# CHT PRO-10, SHO-10 combo



## hdmiii (May 25, 2008)

I wanted to share my experience with Chase Home Theater speakers. For the past 5 months I have owned a pair of PRO-10's that I use for front left and right duty and an SHO-10 for center duty in a 5.1 system. These replaced 3 RBH 661-SE/R speakers in a dedicated theater, 12Wx22Lx7.5H. Other equipment consists of a Pioneer Elite SC-55, Pioneer BDP140, 2 RBH-1010 SEN subwoofers and a Velodyne SMS-1.
The RBH's are very good speakers but I found myself wanting for higher spl and more dynamic capabilites. For home theater use, the CHT speakers sound more open and dynamic than any speakers I've had in the room and can achieve higher spl's than I can handle, without giving up sound quality. 
I have been very impressed with these speakers, especially at their price point. I look forward to upgrading my surrounds and subwoofers to CHT when I can afford them. :T


----------



## 86eldel68-deactivated (Nov 30, 2010)

I've heard SHO-10s in my buddy's HT set-up, and I recently had the opportunity to demo a pair in my own HT set-up. They are very solid performing speakers. 

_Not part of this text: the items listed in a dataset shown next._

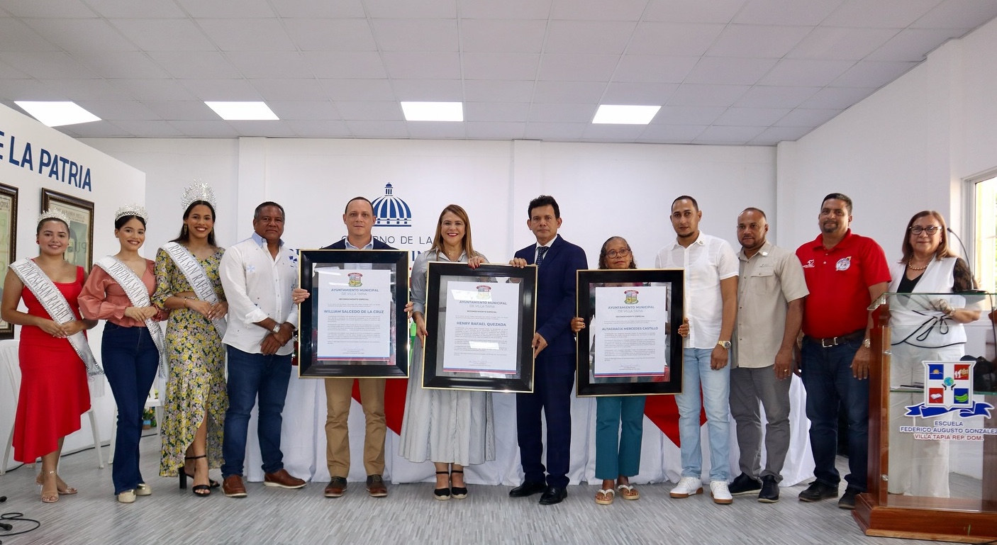 La alcaldesa de Villa Tapia, Dra. Raquel Rosario, junto a los regidores Penélope Marte y Alexis Martínez, participó en el acto de entrega del Premio a la Excelencia Académica 2025, organizado por la Oficina Senatorial de Hermanas Mirabal y encabezado por la senadora María Mercedes Ortiz Diloné.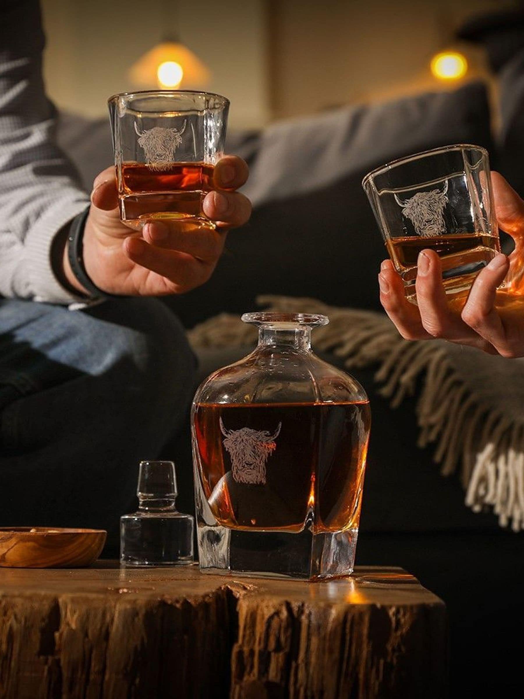 Immerse yourself in the rustic charm of the Highlands with our Highland Cow Decanter & Glass Set, showcasing a delightful Highland cow engraving on each glass tumbler and the decanter. This set infuses a sense of natural charm into your drinking rituals. Crafted to combine style with practicality, this set arrives in a beautifully designed gift box, making it an ideal present for those who appreciate the beauty of the Highlands and the indulgence of premium spirits.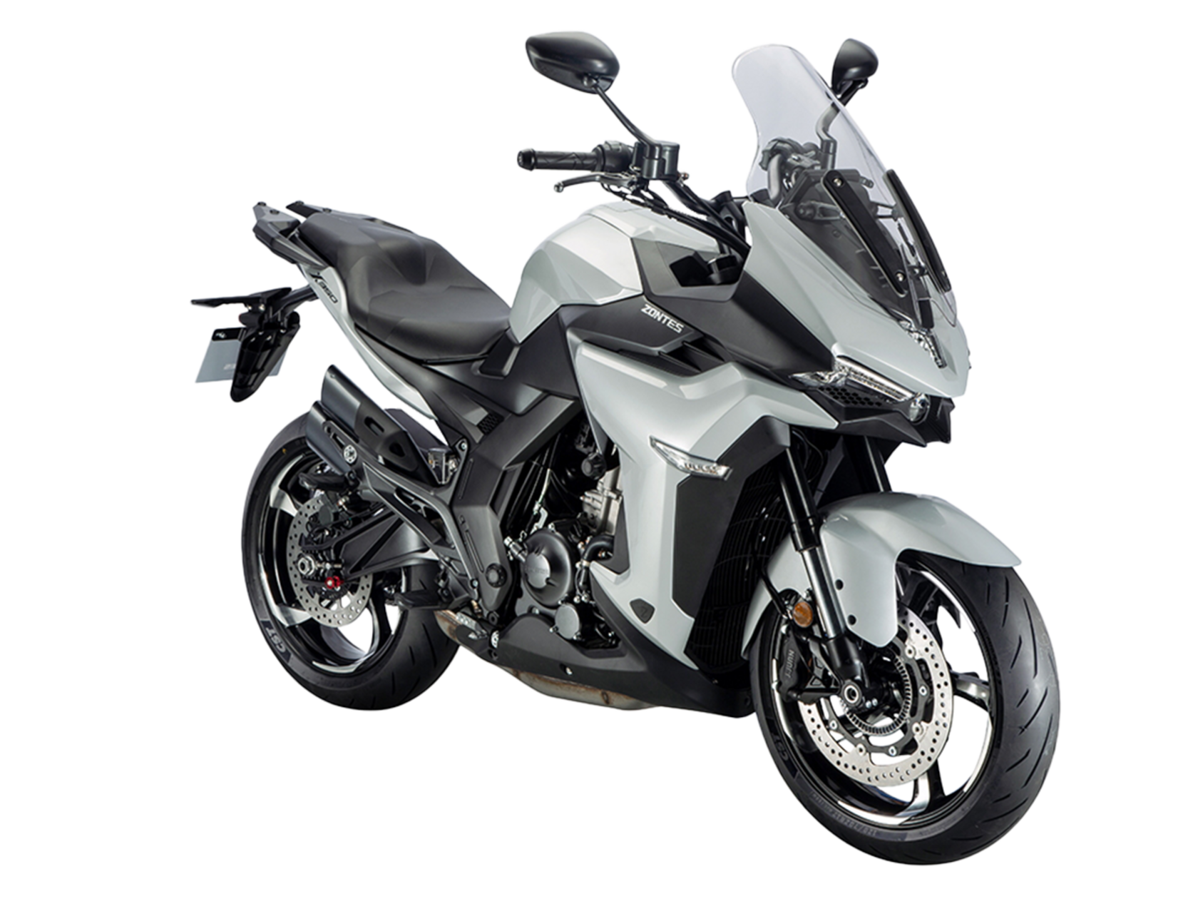 Мотоцикл ZONTES ZT350-X – турист со стремительным современным дизайном. Хорошо подходит как для повседневных поездок по городу, так и для покорения дальних маршрутов.Силовая установка представлена одноцилиндровым 4-тактным двигателем ZT184MP с 4 клапанами и 2 верхними распредвалами. Двигатель имеет объём 348 см³ и обеспечивает мощность в 39 л.с. Оснащён инжектором BOSCH и системой жидкостного охлаждения. Механическая коробка передач имеет 6 ступеней и схему 1-N-2-3-4-5-6. Запуск двигателя осуществляется с помощью бесключевого доступа.Ёмкость топливного бака 19 литров.Колёса представлены литыми алюминиевыми дисками диаметром 17 дюймов. На мотоцикл установлены датчики давления в шинах, показатели от которых выводятся на приборную панель. Для подвески спереди используется телескопическая вилка, сзади – моноамортизатор. Гидравлические дисковые тормоза произведены испанской компанией J.JUAN, входящей в холдинг BREMBO.Для освещения используется яркая LED-оптика, а приборная панель представлена цифровым дисплеем. Имеется 2 USB-порта.Габариты мотоцикла 2055х795х1330 мм. Колёсная база 1380 мм. Высота по седлу 795 мм. Вес 169 кг.

And the subs are no slouches, either!


----------



## tcarcio (Jun 27, 2007)

I have the same speakers and I love them. They really sound great and like you said for the money they are hard to beat....:T


----------



## hdmiii (May 25, 2008)

tcarcio,
What subwoofers are you using with your CHT speakers? I am seriously considering a pair of SS-18.1's or VS-18.1's but I need to save up for a while to afford them.


----------



## tcarcio (Jun 27, 2007)

I am running a Danley DTS-10 with them and it sounds great. I got the sub when Danley was offering it as a diy kit for a cheaper price then they offer the already completed sub. Here is the sub.. http://www.danleysoundlabs.com/tapped_horn.asp?MODEL=DTS 10


----------



## Jungle Jack (Jul 28, 2009)

Hello,
They are indeed wonderful Speakers and I am so glad that everyone is happy with them.
J


----------



## fitzwaddle (Aug 25, 2010)

I have a similar setup - SHO-10 center, and 6x PRO-10s for L, R, and surrounds - I have been running them for about a year in my HT. They are a great value at retail, and even better when you get them as returns (Craig gave me a smoking deal on them as returns last year)!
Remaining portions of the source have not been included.